One-liner: Python driver → worker pool → one backend PTY session (Claude Code or Codex) per artifact → disk artifact gate → retry only missing/bad rows. The worker saying "done" is not trusted; disk markers are.

The pipeline driver (plamen_driver.py) executes phases as isolated subprocesses. This is the only execution model — all invocations (/plamen-wizard, plamen terminal, plamen core, etc.) launch this driver. It runs on Windows, macOS, and Linux against either the Claude Code or Codex (BETA) backend.

Driver layout

Component	Purpose
`plamen_driver.py`	Phase scheduling, checkpointing, retry, gate checking, worker-pool orchestration
`plamen_types.py`	Canonical definitions (evidence tags, severities, finding ID regex); `plamen_home()` resolves `~/.plamen/` (canonical install root) — `~/.claude/` and `~/.codex/plamen/` are install-created symlinks pointing at it, see `glossary.md` / `repository-structure.md`
`plamen_parsers.py`	LLM output parsing (report index, verification results)
`plamen_validators.py`	Artifact quality gates (mechanical, not LLM-dependent); per-row marker statuses (`_BREADTH_STATUS_*`, `scripts/plamen_validators.py:883-888`)
`plamen_prompt.py`	Phase prompt building with forward-ref sanitization
`plamen_mechanical.py`	Deterministic report assembly, dedup, tier dispatch
`plamen_display.py`	Rich terminal UI for driver progress
`plamen_markdown.py`	Markdown AST helpers shared between parsers and validators
`plamen_contracts.py`	Worker artifact / marker envelope contracts (manifest schema, expected-output shape)
`mechanical_verify.py`	Phase 5 mechanical verification helpers (severity caps, PoC demotions, integrity gates)
`chain_prep.py`	Chain-analysis pre-pass: extracts candidate finding pairs with shared state / type before the chain LLM phase
`report_index_machinery.py`	Report-index ID assignment and `report_coverage.md` ledger reconciliation
`pty_exec.py`	Claude PTY session: POSIX `pty.openpty()` + `Popen` with `preexec_fn` setup, Windows `winpty.PtyProcess.spawn`; `ClaudePtySession`, transcript polling, compaction detection (`scripts/pty_exec.py:548-720`)
`preflight_pty_transports.py`	Per-host PTY transport probe; cache schema v3 (`scripts/preflight_pty_transports.py:62`)
`codex_adapter.py`	Codex CLI backend: tool translation, path rewriting (`~/.claude/` ↔ `~/.codex/plamen/`)
`recon_prepass.py`	Pre-recon static analysis (Slither, Opengrep, SCIP)
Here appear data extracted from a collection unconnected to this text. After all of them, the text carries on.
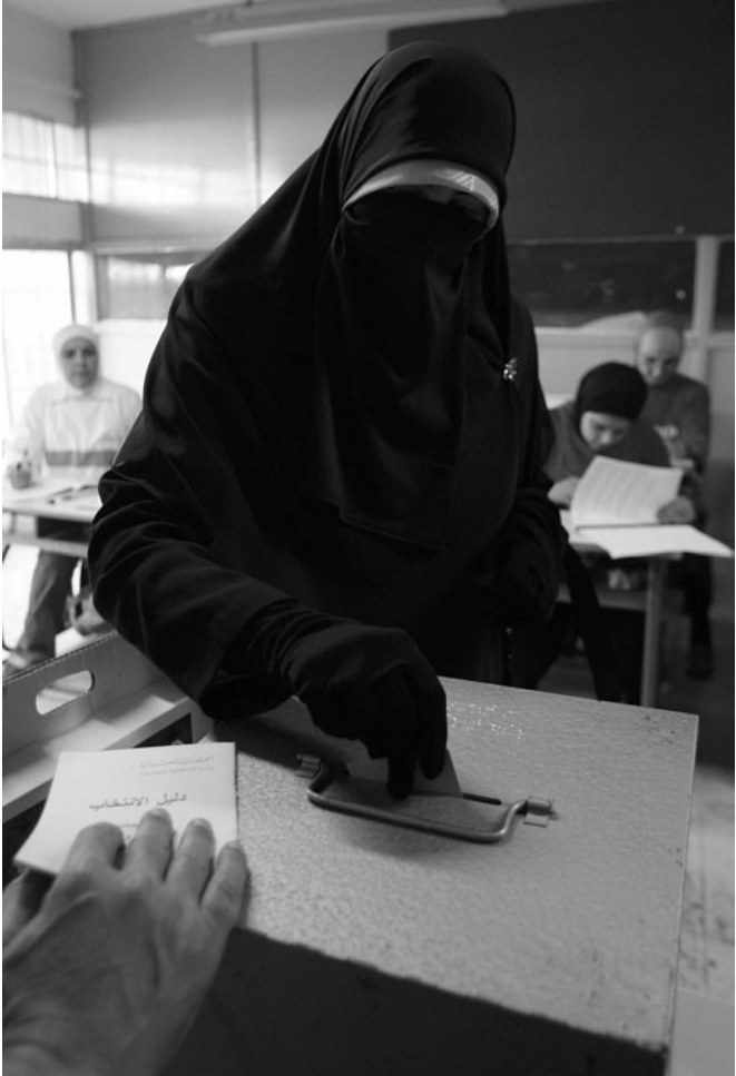
6. A veiled Muslim woman casting her vote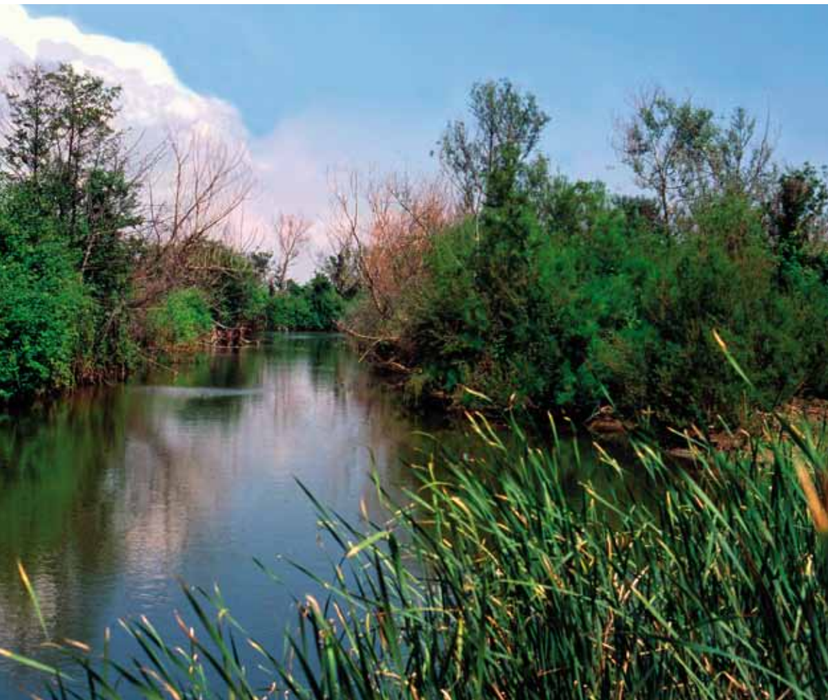
19. Lush vegetation along the Evros riverside.

Landscapes where nature has excelled itself in beauty such as the Evros River Delta and the Dadia Forest, sites of great archaeological significance, Byzantine monuments and churches, a remarkable tourism infrastructure, and a rich cultural heritage, compose a captivating picture of Greece's northeastern part. The district of Evros borders on Bulgaria to the N-NW; on the E it is divided from Turkey by Evros River; on the W it borders on the district of Rodopi; to the S the district of Evros bounds the Thracian Sea.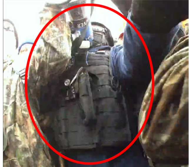
Image 10: Seconds later, WENTLAND (circled in red) grabbing Officer A.A.

WENTLAND and the mob continued to engage with this group of MPD officers. Image 11 is a still frame from an open source video that shows WENTLAND and the mob engaging with the line of police officers.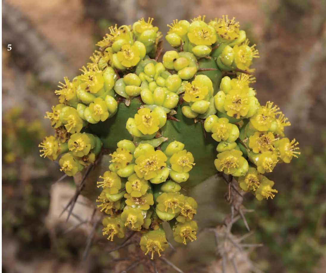
5 Close up of flowers of Euphorbia momccoyae .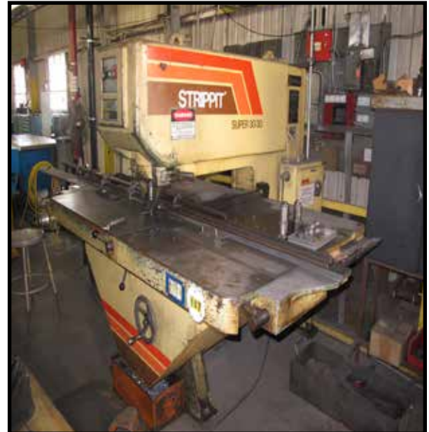
Strippit Super 30/30 30 Ton Duplicator Press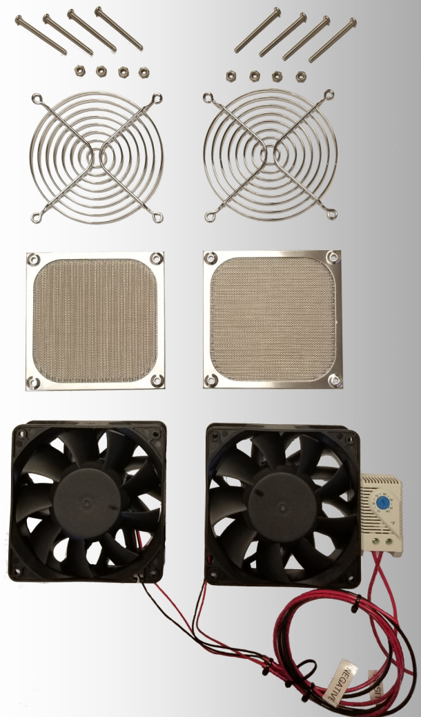
Shown: 24-FK2 Fan Kit with All Material

The driver auto-detects the active backend via plamen_home() (scripts/plamen_types.py:87-101). Resolution order: PLAMEN_HOME env → script-relative install root → ~/.claude/ fallback. The canonical install lives under ~/.plamen/; the backend-named directories (~/.claude/, ~/.codex/plamen/) are symlinks created at install time so each CLI can find the same prompts/rules/skills tree. Config files differ per backend: CLAUDE.md + settings.json + mcp.json for Claude Code; AGENTS.md + config.toml for Codex.

Execution model

Three execution shapes coexist behind the same plamen_home() and disk-gate primitives:

Direct PTY worker pool — used for breadth, rescan, per_contract, and depth. The driver builds a manifest of expected output artifacts (one per spawned worker), launches a bounded ThreadPoolExecutor (_run_breadth_worker_pool_pty, scripts/plamen_driver.py:4636-4760), and spawns one Claude PTY session per row via ClaudePtySession. Each worker's success is a disk artifact passing the row gate — the worker's prose DONE is advisory only.
LLM phase session — used for sequential analytical phases (recon, inventory, chain, report_index, skeptic, judge, crossbatch, tier writers, etc.). The driver spawns one Claude PTY session per phase, supervises it with wait_for_turn_complete, and runs gate_passes against the scratchpad after the turn ends.
Python mechanical — used for inventory_prepare, report_assemble, chain_prep, verify_aggregate, semantic-dedup fallback, severity binding, and similar plumbing phases. No LLM is spawned; deterministic Python in plamen_mechanical.py / mechanical_verify.py / chain_prep.py / report_index_machinery.py reads and writes scratchpad artifacts in-process.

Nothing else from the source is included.